Of course, sucking the belly can actually reduce space for baby, so it is not optimal.

And since prana flows downward from the low belly, any cues like “tuck the tailbone” can actually block the flow of prana. It can leave our mamas feeling ungrounded and even block the downward energy flow of labor.

Doing too much tailbone tucking also presses the thighs and belly forward, increasing the risk of diastasis recti, or abdominal wall splitting. 

Instead, “exhale, and “root from hips through heels” became my go-to prenatal cue to help keep energy moving, all the parts connected, and the whole body feeling both spacious and grounded.

Even for kegels, it’s important to recognize that drawing the pelvic floor in is only half of it. Tthe other half is inhaling, allowing both the diaphragm and pelvic floor to release and broaden, so we don’t get stuck in a contracted state.

All of the alignment actions feed into each other, and this one is no different: We cannot separate engaging our core with grounding downward through the heels. Otherwise,we may block prana. Remembering this allows core engagement to be safe and effective for pregnancy.


Universal Principle of Alignment: Organic Energy

Element: Air

Garden Metaphor: Plants grow up and out

Sacred Step Five: Offer Your Gifts

For Pregnancy: Become the “Ma” You Want to Be

On the mat, our 5th principle refers to the stretch: energy moves from inside out.

In life, it’s all about trusting the work we’ve done, and allowing ourselves to expand into our greatest possibilities.

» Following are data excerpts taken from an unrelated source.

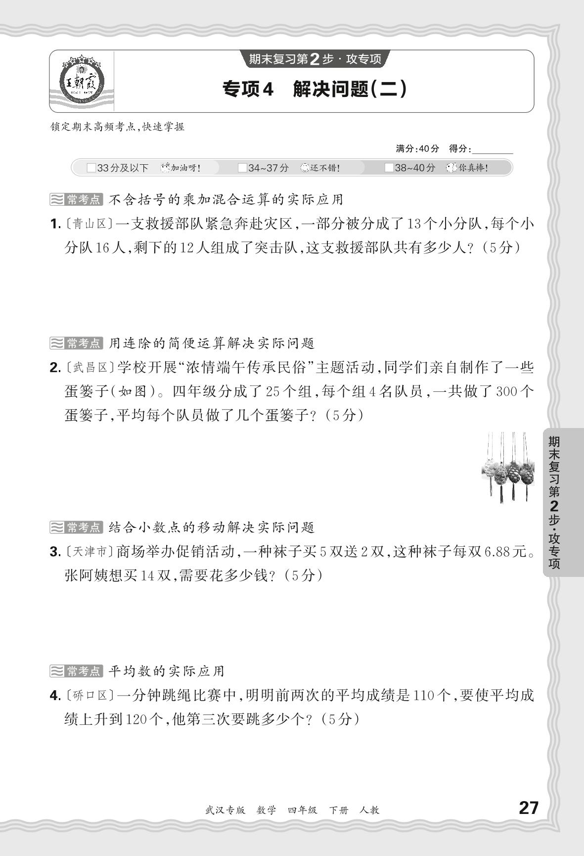 2024春下册四年级数学人教版 期末专项卷武汉版·解决问题(二)【4】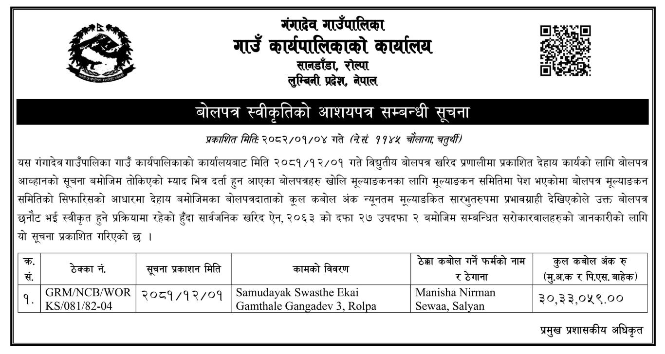 बोलपत्र स्वीकृत गर्ने आशयको सूचना
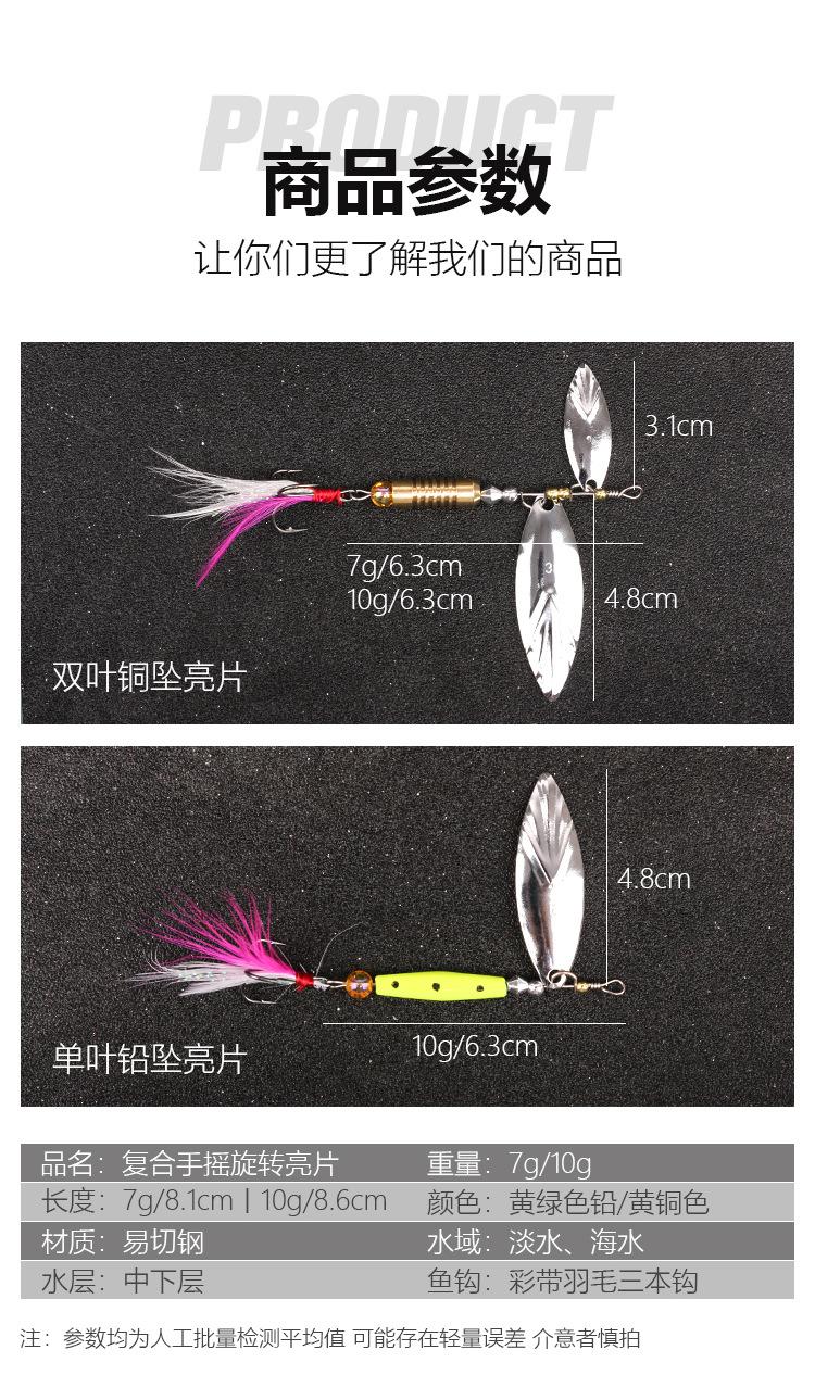 Uso: Atar directamente a la línea de pesca con señuelo, enrollar a una velocidad constante después del lanzamiento.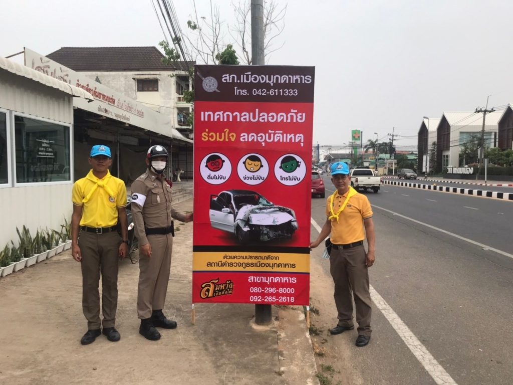 ออกติดป้ายรณรงค์ป้องกันอุบัติเหตุทางถนน ช่วงเทศกาลสงกรานต์ ปี ๒๕๖๖ 8 เมษายน 2566 โดย admin / ข่าวประชาสัมพันธ์,ข่าวภารกิจผู้บังคับบัญชา เรียนผู้บังคับบัญชาวันที่ ๗ เม.ย.๒๕๖๖เวลา ๐๙.๐๐ น.ภายใต้การอำนวยการของพ.ต.อ.เจษฎาวิทย์ อินทร์ประพันธ์ผกก.สภ.เมืองมุกดาหาร มอบหมายให้พ.ต.ท.อุกฤษฎ์ สังฆะมณี รอง ผกก.ป.ฯ พ.ต.ท.นิรัณธกรณ์ ทานวรวิทย์ สว.จร.ฯ พ.ต.ท.อำพร สพานหล้า สวป.ฯ พร้อมด้วย ข้าราชการตำรวจจราจร และตำรวจชุดจิตอาสาจราจร สภ.เมืองมุกดาหาร ออกติดป้ายรณรงค์ป้องกันอุบัติเหตุทางถนน ช่วงเทศกาลสงกรานต์ ปี ๒๕๖๖ ภายในเขตเทศบาลเมืองมุกดาหารผู้ร่วมปฏิบัติ๑.ข้าราชการตำรวจจิตอาสา จำนวน ๑๐ นาย๒.ติดป้ายฯ จำนวน ๒๐ ป้ายจึงเรียนมาเพื่อโปรดทราบ Facebook iconFacebookTwitter iconTwitterLINE iconLine

For pregnancy, it’s so important to stay connected to the inner space, the hug, the dance and the rootedness. When we do, we experience a deep transformation.

I always encourage mamas to take birth classes, find lactation groups, and receive knowledge from those who have walked this path before them.

And yet at some point, no matter how much they know, and how wonderful their support team is, it’s important to remind them: Only you can birth this baby, and ultimately you will be the one who knows best how to mother this baby.

In other words: educate and meditate.

And then, trust what’s moving through you.

The biggest regrets we have are when we ignored that little voice inside, guiding us, directing us along our path.

For many people, prenatal yoga is their first experience with yoga.

It’s one of obstetricians’ most highly recommended forms of pregnancy exercises.

And moms-to-be have all new motivation to learn to take care of themselves because taking care of themselves means taking care of baby. 

Pregnancy is a wonderful time for people to learn to turn nurturing energy inward, and in doing so, they can begin to find a deep power and expansive wisdom within.

It can be an opportunity to change challenges into opportunities, learn how strong they are,find play and release and joy, and connect to support within their bodies and all around them.

It can be a transformative journey to their own highest, most powerful and wise “Ma” Self.

And prenatal yoga teachers can stand at the doorway, saying “Welcome.”